Application of livestock for zooprophylaxis in malaria endemic areas has been widely used because it has several advantages. But undeniable it can also increase the survival of mosquitoes. As it is known, longer life mosquitoes have a high potential to become a vector of disease. One of the most significant factors driving parasite transmission is the close proximity between infected and uninfected organism (Kuris et al., 1980). Research by Hasyim concluded that livestock in malaria endemic areas has a high potential to increase the incidence of malaria in Indonesia (Hasyim et al., 2018). Zoopotentiation frequently take place when livestock are kept indoors or around houses (Donnelly et al., 2015). Location setting of livestock a long way from humans will reduce malaria cases (Franco et al., 2014). Anticipated strategy malaria transmission is separate livestock from humans in sufficient distance to minimize the same mosquito bite between humans and animals. Mosquitoes have obtained animal blood will not seek blood humans anymore. If animal presence is close enough, the pathogen transmission between humans and animals will be massive through intermediary vectors. Zoonoses potential drive by several factors that must be solved including vectors abundance, mosquitoes survival, mosquitoes behavior and other factors such local environment.

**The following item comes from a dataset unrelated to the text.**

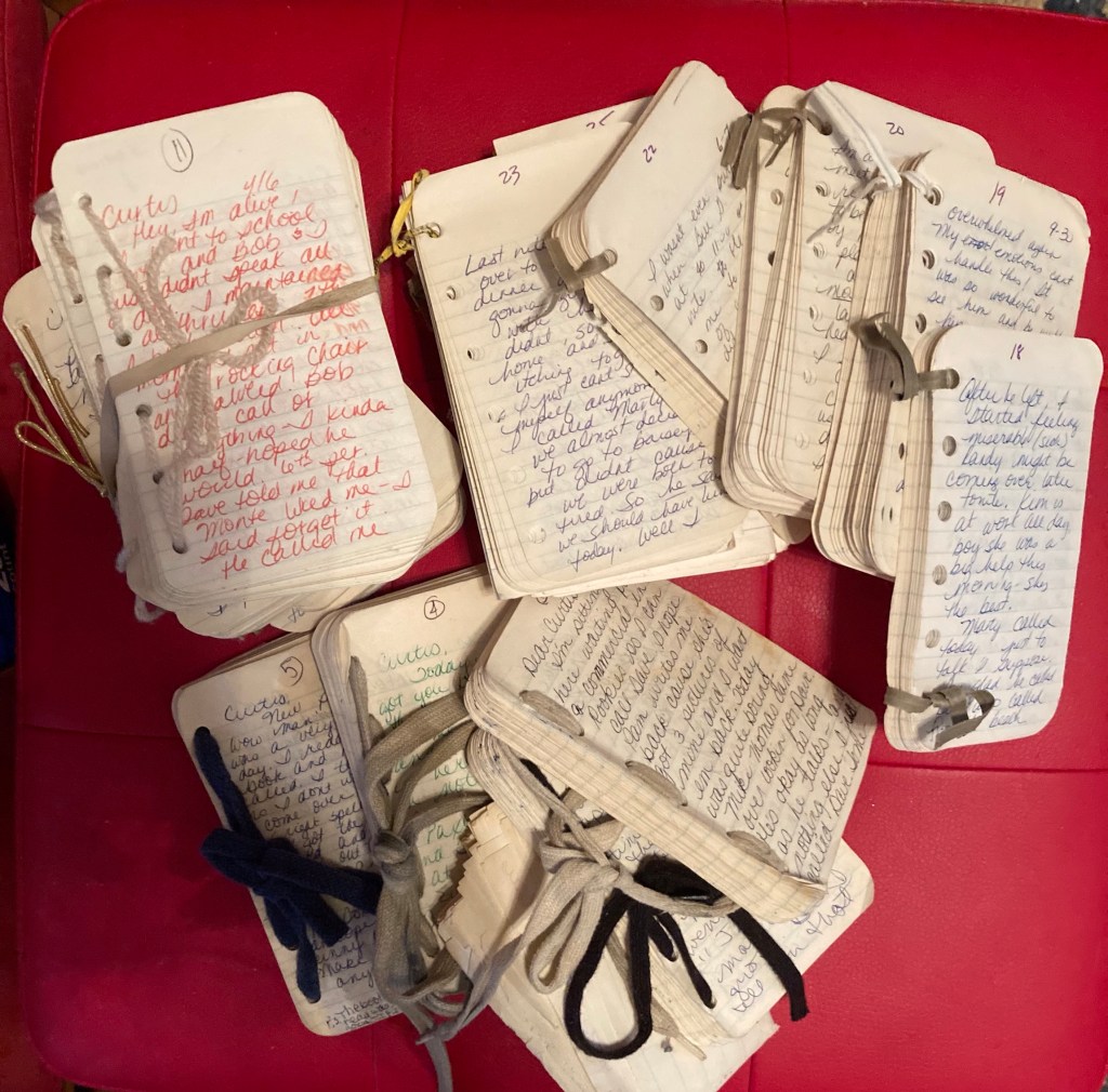 “I had a bad night last night feeling sorry for myself-really wish something good would happen! I’ve got to stop lamenting on what might have; Tony, Ben, Tim still seem to stand out most in my mind. Of course, I’ll never get over Mark…. I really want to go back to the beginning and read this diary but I know my heart will break. It’s just too painful. What does that mean? Does it mean that I had a really bad life? I wouldn’t call it all bad,I guess intense would be a good word. Of course time heals all wounds but I think with me time heals to a point but there’s always going to be a dull pain when I think back to Mark, Ben, Tony, Dan, Dave, Kitty, Anne, Melanie, Terry- god the list goes on.. In the overall view I can’t say that I’ve ever found happiness here in NC. Of course there have been periods like my time with Grama, and the early part of my marriage but overall there seems to have been a constant cloud. On the other hand I can thank God-as I do every night- for my health and safety but what a price to pay! I know I can’t have it all but is it true that you have to make a choice? I want true happiness for more than a week! I want security and I want this with no compromises! Sometimes I really think I deserve that -I’ve paid my dues! On the other hand there are so many so much less fortunate than me. These conflicting emotions are really battling inside of me and I think the only way to preserve my sanity is to push it all back again and continue existing……waiting…..”

Although Plasmodium can be detected microscopically due to erythrocyte size, which is smaller in animals than humans, molecular methods become significant in detecting Plasmodium presence. The nested PCR was used to detect Plasmodium because its sensitivity was equally as high as Real-Time PCR and the cost was relatively lower (Green and Sambrook, 2019; Perandin et al., 2004). The microscopic method of double fluorescent dye utilization with Giemsa stain is recommended for further studies (Guy et al., 2007).

Other research is required to confirm domestic animal Plasmodium by amplifying the cytochrome B sequence and sequencing the invasion ligands such as DBL protein as well as other investigations that emerge from the results of this study. This is necessary to address various challenges in malaria elimination.

Underlying data

Figshare: Underlying data for ‘The discovery of human Plasmodium among domestic animals in West Sumba and Fakfak, Indonesia’, https://doi.org/10.6084/m9.figshare.14703012.v3 (Munirah et al., 2021).

This project contains the following underlying data:

Reporting guidelines

Figshare: ARRIVE checklist for ‘The discovery of human Plasmodium among domestic animals in West Sumba and Fakfak, Indonesia’, https://doi.org/10.6084/m9.figshare.14703012.v3 (Munirah et al., 2021).

Data are available under the terms of the Creative Commons Attribution 4.0 International license (CC-BY 4.0).